How African American Men Decide Whether or Not to Get Prostate Cancer Screening

Randy A. Jones, PhD, RN; Richard Steeves, PhD, RN, FAAN; Ishan Williams, PhD

Disclosures

Cancer Nurs. 2009;32(2):166-172. 

In This Article

Myths and Misperceptions

Lack of prostate health knowledge also contributes to increased risk of prostate cancer mortality for African Americans. Often, what is known is distorted by myths and misperceptions. Richardson et al[16] conducted focus groups with asymptomatic low-income African American men to examine the myths that African Americans from low socioeconomic backgrounds held regarding prostate cancer. The investigators found that these African Americans did not perceive themselves to be at high risk of prostate cancer unless a close relative had the disease. The men were unaware of the relationship between race and the incidence of prostate cancer or the relationship between age and the onset of prostate cancer. Participants were also surprised that prostate cancer could be asymptomatic.

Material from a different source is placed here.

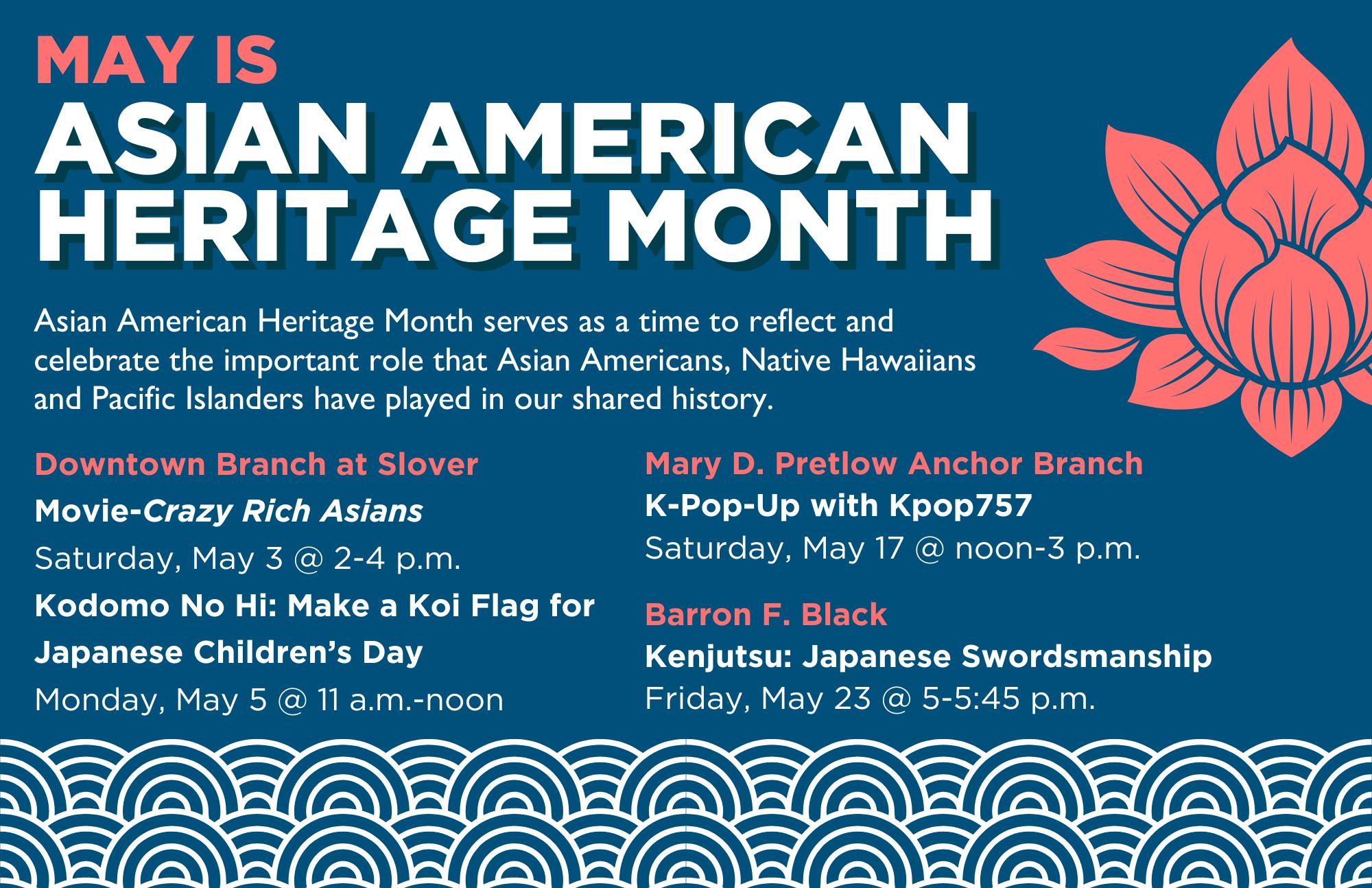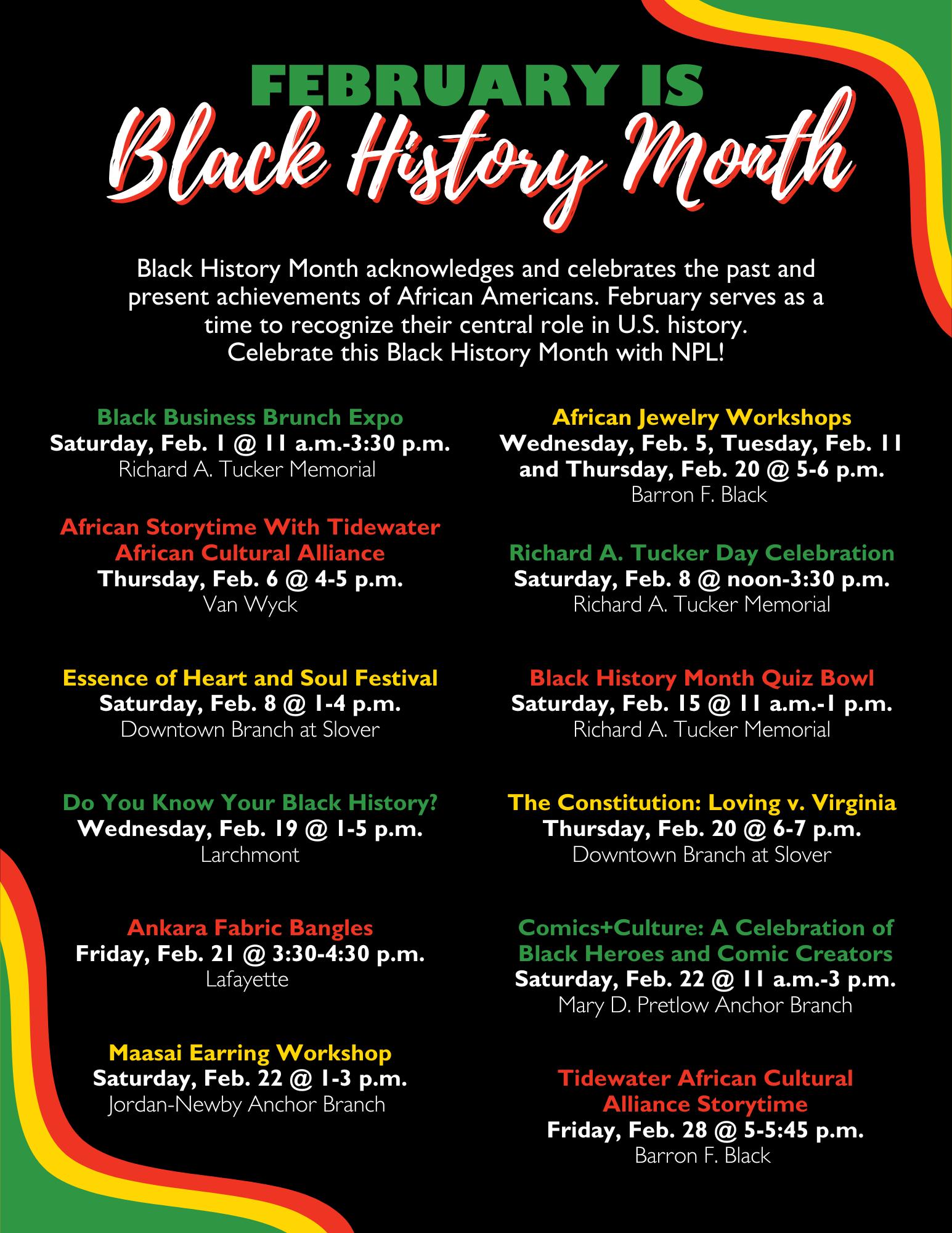 We also have some special events scheduled during the upcoming months: Richard A. Tucker Day at his namesake Memorial Library and the Essence of Heart and Soul Festival at the Downtown Branch at Slover to commemorate Black History Month, a portrayal of Norfolk civil right hero Evelyn T. Butts by the Arts for Learning’s Valerie Davis in honor of Women’s History Month and the Kenjutsu: Japanese Swordsmanship event at Barron F. Black to celebrate Asian American and Pacific Islander Heritage Month, just to name a few.

Richardson et al[16] also found that some of the men believed prostate cancer screening involved a tube being inserted into the rectum to collect saliva. Finally, some in the sample believed that surgery (orchiectomy) was the only option for treatment, and it would inevitably result in erectile dysfunction. Similarly, Lange and Adamec[17] found that many men thought that only the elderly could get prostate cancer, and the cancer was always symptomatic. Saltus[18] found that some thought stress caused cancer, and positive thinking would cure the disease. These data suggest that there is a great need for men to be correctly informed about prostate health and procedures/testing.